Microsoft products also vulnerable to Mozilla flaw
- 13 July, 2004 08:18
Popular Microsoft products may be vulnerable to a security vulnerability that is similar to one patched for the Mozilla Web browsers last week.
Microsoft's MSN Messenger and Word word processing application both support a feature that could give remote users access to functions that could be used launch applications on Windows computers, according to an alert from Secunia, which tracks software vulnerabilities.
A Microsoft spokeswoman said the company is investigating the reports, but is not aware of any attacks using the vulnerabilities.
The applications both fail to restrict access to the "shell:" URI (Universal Resource Identifier), a feature that allows Windows users or software applications to launch programs associated with specific file extensions such as doc (associated with Word) or txt (associated with Notepad, the Windows text editing program), said Secunia.
Malicious hackers could launch programs associated with specific extensions using links embedded in Word documents or instant messages sent using MSN. However, the vulnerability does not allow attackers to pass instructions to the programs, which would allow more sophisticated attacks, Secunia said.
On Thursday, the Mozilla Foundation issued patches for a similar flaw in Windows versions of its Web browsers, Firefox and Thunderbird, and the Mozilla Application Suite.
News of the Mozilla flaws came amid increasing interest in alternative Web browsers after news broke about a number of serious security vulnerabilities in Microsoft's Internet Explorer Web browser that were being used in stealthy Web-based attacks.

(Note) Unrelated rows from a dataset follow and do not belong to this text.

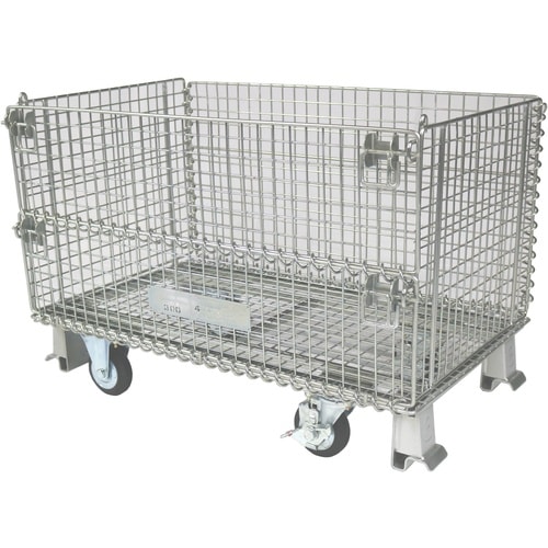 メッシュ構造で軽量ながら、強度に優れています。組み立て、折りたたみが簡単で、折りたたんでおけば、保管スペースを取りません。フォークリフト作業が容易で、作業効率が上がります。 |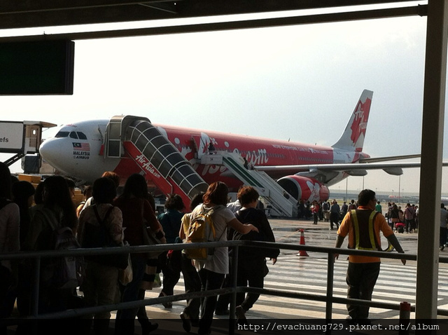 因為沒有空橋,幾乎都是要走平面道路,LCCT因為每天飛的班機很多,所以...人來人往的,我真是超怕迷路的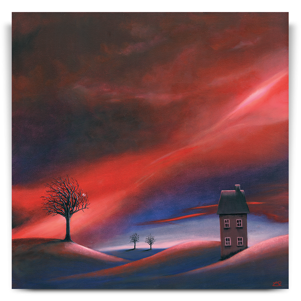 One of my earlier pieces, this represents a time when I was just beginning a fresh chapter in my life. The house represents me and the single flower in bloom on the otherwise dormant tree gives a glimpse of new life and promise.
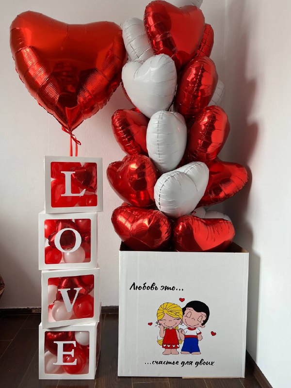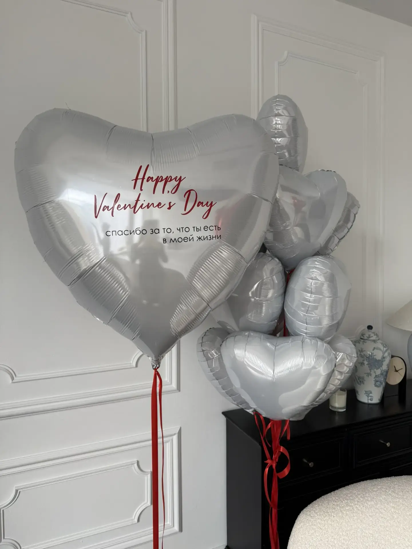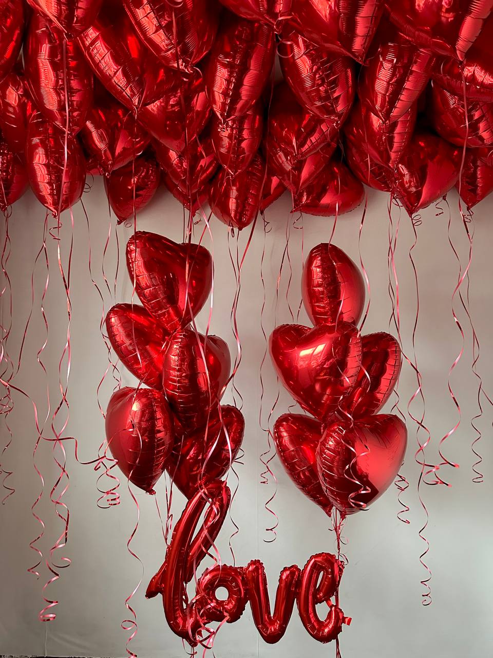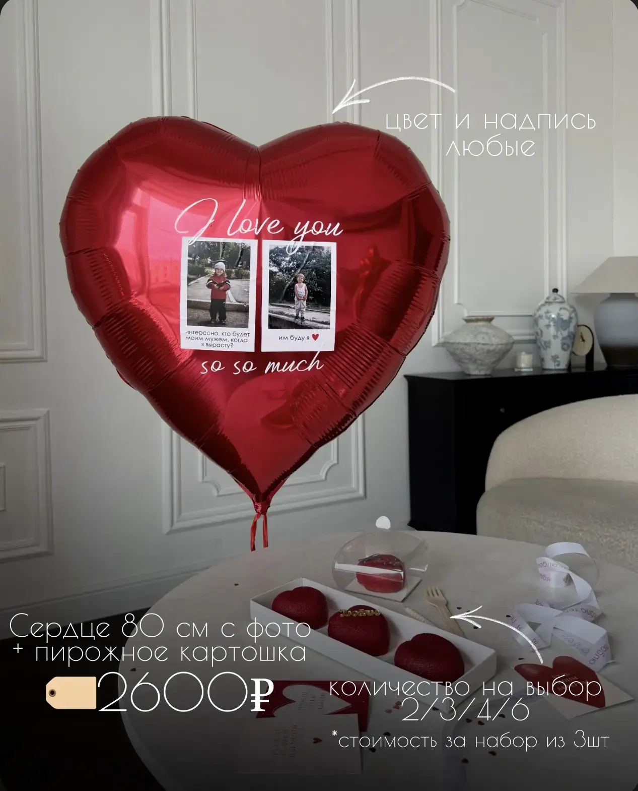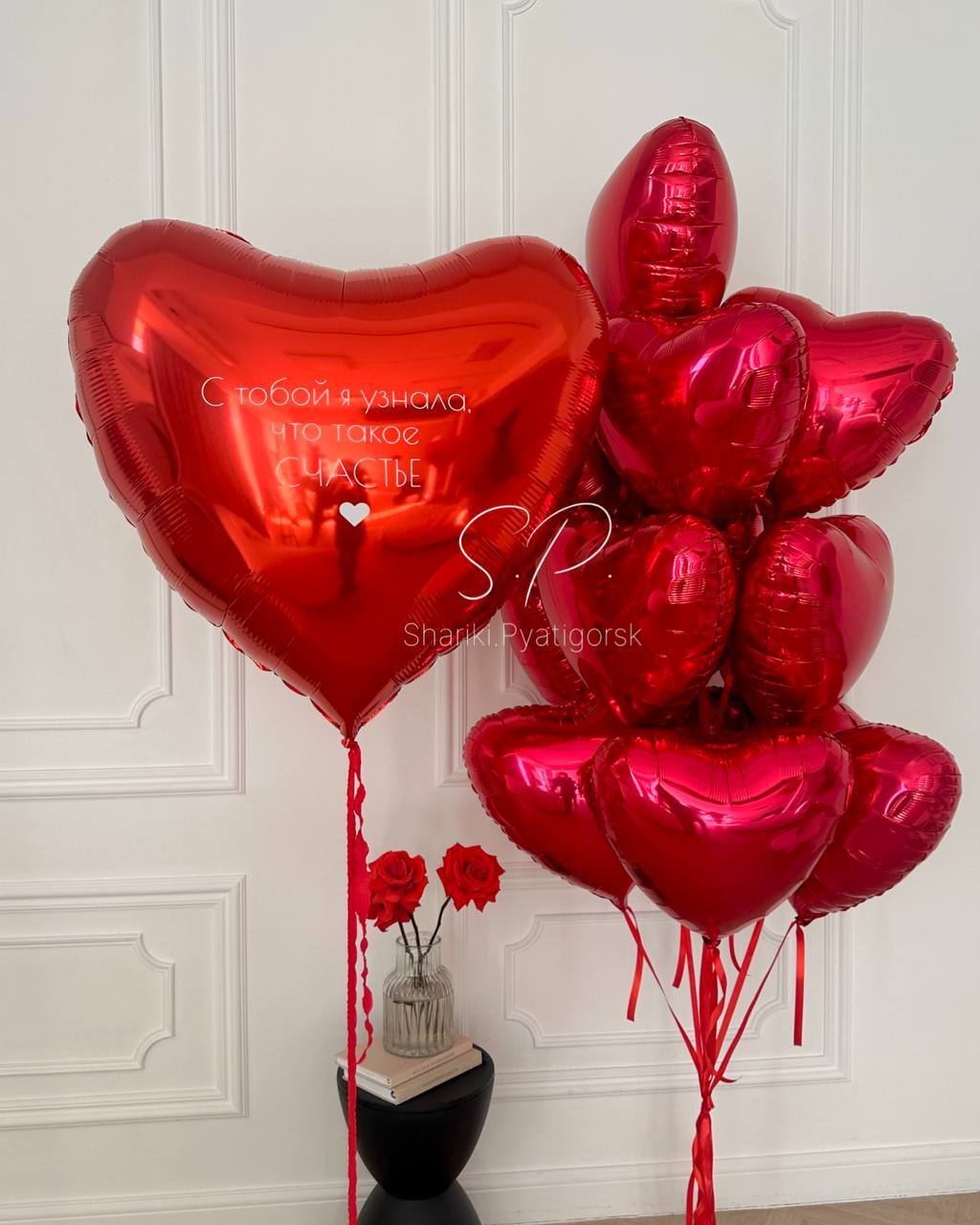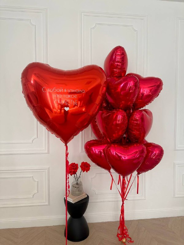 1- 2 фонтана по 10 сердец 45 см + грузики 2 - Сердце 50 см + индивидуальная надпись + грузик 3 - Сердце 90 см + индивидуальная надпись + фото + грузик 4 - 10 сердец 45 см под потолок

According to data compiled by WebSideStory Inc., a San Diego Web measurement company, Internet Explorer's share of the browser market dropped by 1 percent in the last month, the first noticeable decline since the company began tracking the browser market in late 1999.
On July 2, Microsoft released a software update that disables a Windows component called ADODB.Stream, which was used in the Web attacks, and promised more updates for Windows and Internet Explorer to address the security issues.
If necessary, Microsoft could issue a fix for the MSN Messenger and Word flaws through its monthly software update process or an emergency patch, the company spokeswoman said.
The Redmond, Washington, software company expressed displeasure at the release of information on the product vulnerabilities, which were first publicized in the Full-Disclosure discussion list, a public online forum for those interested in computer software vulnerabilities.
"We continue to encourage responsible disclosure of vulnerabilities. We believe the commonly accepted practice of reporting vulnerabilities directly to a vendor serves everyone's best interests, by helping to ensure that customers receive comprehensive, high-quality patches for security vulnerabilities with no exposure to malicious attackers while the update is being developed," the company said in an e-mail statement.